Recruitment & Eligibility

• Status: NOT_YET_RECRUITING
• Sex: Female
• Target Recruitment: 1800

Inclusion Criteria

• Females aged 9-26 years at the time of enrollment;
• Subjects aged 9-17 years at the time of enrollment and at least one legal guardian are informed and willing to participate, sign the informed consent form and can provide valid identity documents; subjects aged 18-26 years at the time of enrollment are informed and willing to participate, sign the informed consent form and can provide valid identity documents;
• Subjects are able to understand the research procedures and cooperate with the requirements of the clinical trial to participate in regular follow-up;
• Female subjects of childbearing age have a negative urine pregnancy test on the day of enrollment, are not breastfeeding and have no fertility plans within 7 months after enrollment; have taken effective contraceptive measures since the end of the last menstruation until enrollment, and agree to continue to use effective contraceptive measures within 7 months after participating in the study (effective contraceptive measures include: oral contraceptives, injections or implants, sustained-release local contraceptives, hormone patches, intrauterine devices (IUDs), sterilization, abstinence, condoms (male), diaphragms, cervical caps, etc.);
• Body temperature ≤37.0℃ (axillary temperature) on the day of enrollment.

Exclusion Criteria

First dose exclusion criteria

• Patients who have received a commercially available HPV vaccine in the past or plan to receive a commercially available HPV vaccine during the study; or have participated in other HPV vaccine clinical trials and have received the vaccine/placebo;
• Patients who have a history of cervical lesions that are likely to be related to HPV infection (such as abnormal cervical cancer screening, CIN disease history); Patients who have a history of hysterectomy or pelvic radiotherapy; Patients who have a history of external genital diseases that are likely to be related to HPV infection (such as vulvar intraepithelial neoplasia, vaginal intraepithelial neoplasia, and genital warts);
• Patients who have a history of severe allergic reactions to any vaccine or drug (including yeast) that require medical intervention, such as anaphylactic shock, allergic laryngeal edema, allergic purpura, thrombocytopenic purpura, local allergic necrosis reaction (Arthus reaction), etc.;
• Patients who have impaired immune function or have been diagnosed with congenital or acquired immunodeficiency, human immunodeficiency virus (Human Immunodeficiency Virus).
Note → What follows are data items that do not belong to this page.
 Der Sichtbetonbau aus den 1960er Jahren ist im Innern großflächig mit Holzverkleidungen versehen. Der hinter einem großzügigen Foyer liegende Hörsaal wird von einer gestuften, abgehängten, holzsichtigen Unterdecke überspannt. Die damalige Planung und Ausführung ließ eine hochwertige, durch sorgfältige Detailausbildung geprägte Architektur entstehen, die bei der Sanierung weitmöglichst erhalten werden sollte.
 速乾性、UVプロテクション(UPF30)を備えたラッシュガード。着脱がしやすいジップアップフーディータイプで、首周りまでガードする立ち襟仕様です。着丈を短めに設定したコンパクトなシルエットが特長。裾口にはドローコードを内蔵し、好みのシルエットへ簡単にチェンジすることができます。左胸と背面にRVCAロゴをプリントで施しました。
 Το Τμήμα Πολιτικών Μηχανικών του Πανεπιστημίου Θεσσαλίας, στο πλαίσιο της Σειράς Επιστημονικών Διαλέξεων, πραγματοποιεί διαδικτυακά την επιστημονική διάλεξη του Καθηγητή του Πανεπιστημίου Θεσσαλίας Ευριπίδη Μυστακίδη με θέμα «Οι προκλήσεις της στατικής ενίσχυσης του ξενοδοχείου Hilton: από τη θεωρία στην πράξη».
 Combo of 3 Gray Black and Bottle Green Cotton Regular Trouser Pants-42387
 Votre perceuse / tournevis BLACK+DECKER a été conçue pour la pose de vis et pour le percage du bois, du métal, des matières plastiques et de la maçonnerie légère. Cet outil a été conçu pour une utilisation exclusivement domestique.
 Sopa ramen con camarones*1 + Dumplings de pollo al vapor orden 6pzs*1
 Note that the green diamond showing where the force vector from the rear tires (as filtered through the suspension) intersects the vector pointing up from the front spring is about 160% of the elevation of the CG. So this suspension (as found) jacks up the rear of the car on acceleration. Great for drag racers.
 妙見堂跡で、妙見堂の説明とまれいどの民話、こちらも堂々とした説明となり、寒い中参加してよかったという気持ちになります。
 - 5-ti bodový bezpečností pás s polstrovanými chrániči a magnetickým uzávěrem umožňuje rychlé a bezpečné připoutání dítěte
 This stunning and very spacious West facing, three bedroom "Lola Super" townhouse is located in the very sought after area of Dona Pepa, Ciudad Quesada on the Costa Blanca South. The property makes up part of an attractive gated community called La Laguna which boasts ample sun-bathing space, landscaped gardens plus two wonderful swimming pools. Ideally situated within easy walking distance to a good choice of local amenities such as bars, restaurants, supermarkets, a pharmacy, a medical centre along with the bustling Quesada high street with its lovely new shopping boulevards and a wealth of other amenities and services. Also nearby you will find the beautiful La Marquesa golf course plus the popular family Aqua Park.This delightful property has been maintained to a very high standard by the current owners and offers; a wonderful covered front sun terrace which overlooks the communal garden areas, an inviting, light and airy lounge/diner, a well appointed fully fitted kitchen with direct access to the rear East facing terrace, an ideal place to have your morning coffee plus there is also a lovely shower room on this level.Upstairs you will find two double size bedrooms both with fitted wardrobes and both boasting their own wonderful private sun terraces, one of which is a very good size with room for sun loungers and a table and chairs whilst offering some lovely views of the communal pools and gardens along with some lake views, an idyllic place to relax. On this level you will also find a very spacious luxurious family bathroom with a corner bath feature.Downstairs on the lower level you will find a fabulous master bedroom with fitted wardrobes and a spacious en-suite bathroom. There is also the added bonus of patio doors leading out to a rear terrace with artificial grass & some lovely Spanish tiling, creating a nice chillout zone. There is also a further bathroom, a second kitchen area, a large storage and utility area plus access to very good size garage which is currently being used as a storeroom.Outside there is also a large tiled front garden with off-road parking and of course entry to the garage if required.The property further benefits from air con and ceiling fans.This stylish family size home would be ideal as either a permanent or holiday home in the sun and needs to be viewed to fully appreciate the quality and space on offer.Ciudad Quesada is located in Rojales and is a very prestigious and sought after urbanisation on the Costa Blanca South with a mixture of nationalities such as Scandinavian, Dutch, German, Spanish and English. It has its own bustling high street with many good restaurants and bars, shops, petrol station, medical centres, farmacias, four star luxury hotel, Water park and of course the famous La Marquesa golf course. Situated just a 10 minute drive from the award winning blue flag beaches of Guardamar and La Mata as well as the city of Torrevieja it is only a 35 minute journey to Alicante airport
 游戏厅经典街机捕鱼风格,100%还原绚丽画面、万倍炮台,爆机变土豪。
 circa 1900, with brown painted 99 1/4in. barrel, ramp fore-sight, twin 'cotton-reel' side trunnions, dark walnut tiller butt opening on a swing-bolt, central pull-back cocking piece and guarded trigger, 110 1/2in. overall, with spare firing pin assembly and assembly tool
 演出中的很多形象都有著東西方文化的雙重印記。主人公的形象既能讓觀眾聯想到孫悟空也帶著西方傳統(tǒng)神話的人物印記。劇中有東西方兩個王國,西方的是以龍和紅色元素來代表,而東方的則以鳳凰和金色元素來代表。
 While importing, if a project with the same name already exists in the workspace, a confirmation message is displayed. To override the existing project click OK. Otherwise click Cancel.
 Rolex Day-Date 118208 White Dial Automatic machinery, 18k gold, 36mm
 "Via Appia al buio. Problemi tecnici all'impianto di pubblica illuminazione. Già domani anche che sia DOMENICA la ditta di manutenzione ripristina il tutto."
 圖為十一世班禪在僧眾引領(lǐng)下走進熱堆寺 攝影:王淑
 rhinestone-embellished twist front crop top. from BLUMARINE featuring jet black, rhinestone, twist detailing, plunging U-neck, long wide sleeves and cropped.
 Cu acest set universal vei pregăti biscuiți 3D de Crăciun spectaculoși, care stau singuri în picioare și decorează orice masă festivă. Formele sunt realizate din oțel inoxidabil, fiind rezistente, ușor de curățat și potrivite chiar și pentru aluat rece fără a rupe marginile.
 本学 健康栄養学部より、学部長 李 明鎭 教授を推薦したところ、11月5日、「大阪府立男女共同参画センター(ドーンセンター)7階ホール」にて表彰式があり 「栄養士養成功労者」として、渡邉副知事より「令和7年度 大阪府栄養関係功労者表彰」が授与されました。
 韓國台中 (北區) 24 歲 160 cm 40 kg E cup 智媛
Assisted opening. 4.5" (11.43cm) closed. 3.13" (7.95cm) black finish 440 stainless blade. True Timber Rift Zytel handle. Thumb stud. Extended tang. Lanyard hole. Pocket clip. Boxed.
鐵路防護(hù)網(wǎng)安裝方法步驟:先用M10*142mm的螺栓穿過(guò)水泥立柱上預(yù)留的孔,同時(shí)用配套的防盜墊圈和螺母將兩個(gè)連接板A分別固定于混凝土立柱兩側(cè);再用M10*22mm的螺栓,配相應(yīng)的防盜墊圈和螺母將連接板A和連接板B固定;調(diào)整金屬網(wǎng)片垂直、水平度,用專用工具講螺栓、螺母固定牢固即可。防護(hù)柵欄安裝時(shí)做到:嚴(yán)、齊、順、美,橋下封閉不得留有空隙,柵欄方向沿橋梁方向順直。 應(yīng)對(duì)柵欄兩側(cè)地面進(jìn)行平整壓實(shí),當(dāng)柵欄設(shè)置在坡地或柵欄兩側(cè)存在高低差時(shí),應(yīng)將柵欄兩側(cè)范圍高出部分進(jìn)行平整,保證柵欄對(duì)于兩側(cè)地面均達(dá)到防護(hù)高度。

Virus, HIV) infection, lymphoma, leukemia, systemic lupus erythematosus (SLE), rheumatoid arthritis, juvenile rheumatoid arthritis (JRA), inflammatory bowel disease or other autoimmune diseases;
• Long-term (≥14 days) treatment with immunomodulators (including immunopotentiators and immunosuppressants) within 3 months before vaccination or planned within 7 months after enrollment, such as oral or injection of systemic glucocorticoids (≥14 days, dose ≥2mg/kg/day or ≥20mg/day prednisone or equivalent dose of prednisone), but local medications (such as ointments, eye drops, inhalers or nasal sprays) are allowed. Local medications must not exceed the dose recommended in the instructions or have any systemic exposure signs;
• Any immunoglobulin or blood products within 3 months before vaccination or planned within 7 months after enrollment;
• Any vaccine received within 14 days before vaccination;
• Acute onset or use of antipyretic, analgesic and antiallergic drugs (such as acetaminophen, ibuprofen, aspirin, loratadine, cetirizine, etc.) 3 days before vaccination, or acute attack of chronic diseases;
• History of convulsions (except febrile convulsions), or history or family history of epilepsy, encephalopathy, mental illness;
• Past or current severe (such as emergency treatment, surgical treatment, etc.) heart disease (such as congenital heart disease, etc.), liver and kidney disease (such as chronic hepatitis or suspected active hepatitis, nephrotic syndrome, uremia, etc.), complications of diabetes, malignant tumors, etc.;
• Elevated blood pressure measured by on-site physical examination (9-15 years old: systolic blood pressure ≥100+1.5×age (years) mmHg and/or diastolic blood pressure ≥65+age (years) mmHg; 16-26 years old: systolic blood pressure ≥140mmHg and/or diastolic blood pressure ≥90mmHg);
• Participating in clinical studies of other investigational or unmarketed products (drugs, vaccines and medical devices) within 3 months before vaccination or planning to participate in the study period;
• Asplenia or functional asplenia, or splenectomy caused by any circumstances;
• Suffering from thrombocytopenia or other coagulation disorders that may be contraindications to intramuscular injection;
• Any other factors that the researcher believes make the subject unsuitable for participation in clinical trials.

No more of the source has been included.